Stored data:

════

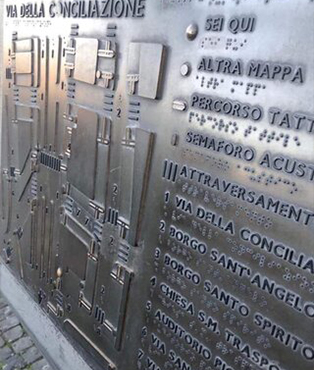 - Plany tyflograficzne i oznaczenia w Braille’uPlany tyflograficzne wielobarwne (wykonane na fazowanym dibondzie) z tworzywa, stalowe, odlewy, makiety, termoformy. Piktogramy, tabliczki przydrzwiowe, nadklamkowe, nakładki na poręcze. Tablice informacyjne z brajlem, dotykowe pomoce naukowe, grafiki, adaptacje dzieł sztuki.
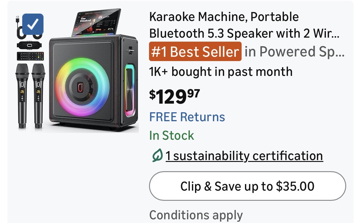 Karaoke Machine, Portable Bluetooth 5.3 Speaker with 2 Wireless Microphones #J43
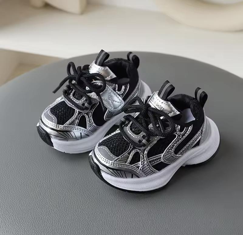 Стильні та комфортні кросівки на дівчинку , чорні з серебром.Розмір 24 (15 см) .

════

Transcribe the full listing above exactly as it stands, minus the pictures.

 - Plany tyflograficzne i oznaczenia w Braille’uPlany tyflograficzne wielobarwne (wykonane na fazowanym dibondzie) z tworzywa, stalowe, odlewy, makiety, termoformy. Piktogramy, tabliczki przydrzwiowe, nadklamkowe, nakładki na poręcze. Tablice informacyjne z brajlem, dotykowe pomoce naukowe, grafiki, adaptacje dzieł sztuki.
 Karaoke Machine, Portable Bluetooth 5.3 Speaker with 2 Wireless Microphones #J43
 Стильні та комфортні кросівки на дівчинку , чорні з серебром.Розмір 24 (15 см) .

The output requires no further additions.